The polyamines have been well studied as biomarkers in oncology [30, 41, 42]. In cancers of non-prostatic origin, polyamines are increased, yet, as a differentiated function in the prostate, the polyamines decrease in prostate cancer as the tissue becomes de-differentiated. In this study, the polyamines were observed to be the lowest levels from the highest grade cancer (T3) containing biopsies (Figure 4C). This is consistent with polyamines decreasing in prostate cancer, however, the polyamines were higher in pT2 cancer containing biopsies as compared with non-cancer containing biopsies.

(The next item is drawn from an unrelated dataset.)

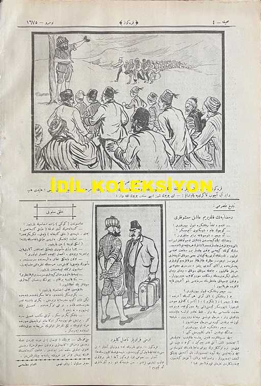 Osmanlıca Karagöz Mizah Dergisi-Gazetesi, Orijinal Dönem Basım, (Ottoman Magazine-Newspaper-Journal Illustré Cara-Gueuz) - 5 Nisan 1924 - Sayı: 1675 - Hicri: 30 Şaban 1342 - Rumi: 5 Nisan 1340 - Karikatür: İstanbul Valisi İyileşti "Cemiyet-i Belediye Azası: Buyurunuz Vali Beyefendimiz Buyurunuz Efendim, Allah Vücudunuza Sıhhat, Kesenize Servet, ve Cemiyet-i Acizanemize Olan Muhabbetinize Kuvvet İhsan Buyursun! Karagöz: Bana Sorarsan Vali Bey, Allah Aklına Kuvvet, Kalbine Merhamet ve Harekatına da Basiret İhsan Buyursun Derim. Çünkü Bu Gidişle İstanbullular Sana Teşekkür Ederlerken Bile Gözleri Dolacak!" - Karikatür: Rahmet mi, Merhamet mi? "Karagöz: Ey İstanbullular, Başka Memleketlerde Kuraklıktan Rahmet Duasına Çıkarlar. Biz Pahalılktan Merhamet Duasına Çıkarsak Ayıp mı? Haydi Hep Beraber El Açıp Tanrıya Yalvaralım: Ey Büyük Şehremini Senden Büyük Allah Var!" adlı eser, Kitap > Süreli Yayınlar > Gazeteler > Türkiye > Genel kategorisinde İkinci El olarak satıştadır.
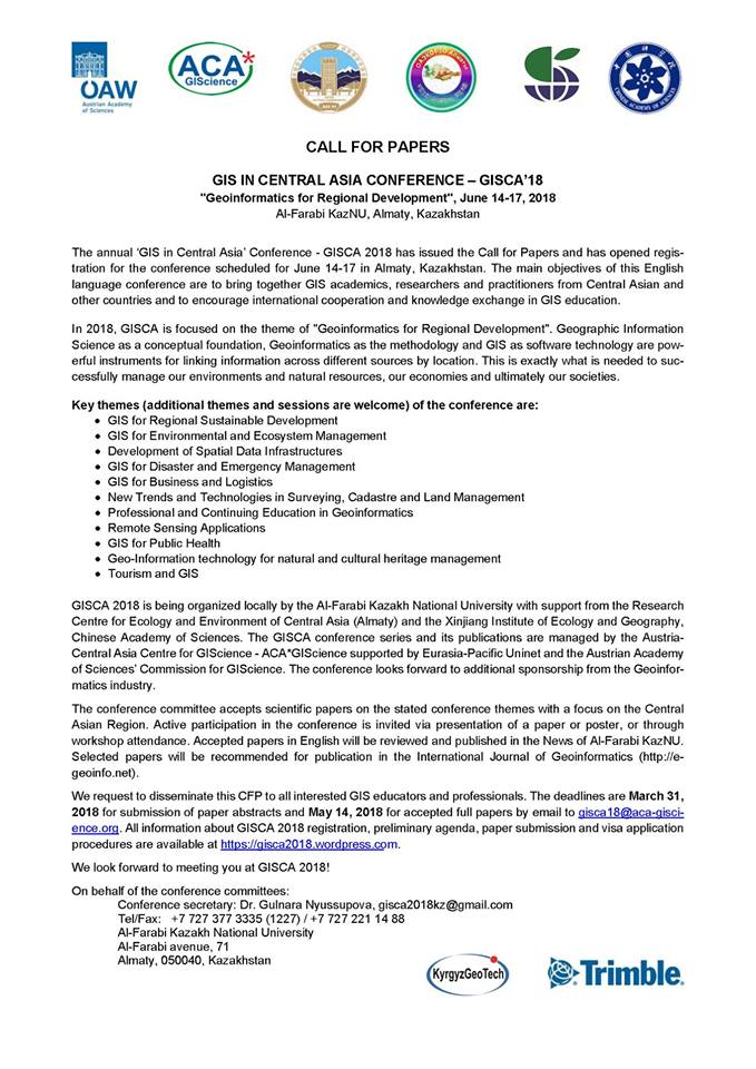 Ежегодная конференция " Гис в Центральной Азии " - gisca 2018 " Геоинформатика для регионального развития " опубликовала призыв к документам и открыла регистрацию для конференции, запланированной на июнь 14-17 года в Казахском Национальном университете имени аль-Фараби в Алматы, Казахстан. Комитет конференции принимает научные документы по следующим темам конференции с акцентом на регион Центральной Азии. Активное участие в конференции предлагается путем представления документа или плаката или путем участия в семинаре. Мы просим распространить эту cfp среди всех заинтересованных преподавателей и специалистов гис.

With the notable exception of genomic DNA-based analysis, the discovery and performance of molecular biomarkers is highly dependent upon clinical sampling, processing, and storage [48–50]. In this study, we describe the mPREF method for prostate needle biopsy specimens obtained from fresh prostate tissues following prostatectomy. The future translation of this work to clinically relevant studies will be to include biopsies obtained in vivo using TRUS guided trans-rectal biopsy procedures. The use of image guided small core needle biopsies is likely to continue to increase while excisional biopsies decrease in part because the latter are more invasive, can cause more scarring and deformation, and require use of the operating room, the most expensive location in a hospital . The use of core needle biopsies for molecular testing such as mutational analysis to identify therapeutic targets provides a new rationale both for initial diagnosis and for repeat core needle biopsies to monitor therapy. Examples include EGFR mutation analysis in lung cancer  and HER-2 in breast cancer . The mPREF method described in this study should be widely applicable to a variety of tissues. The approach described has no inherent limitations for tissue type or disease state. While providing a method for quantitative analysis of small molecules, it is also compatible with histology, mutational analysis, RNA expression, immunohistochemical analysis, and other in situ methods.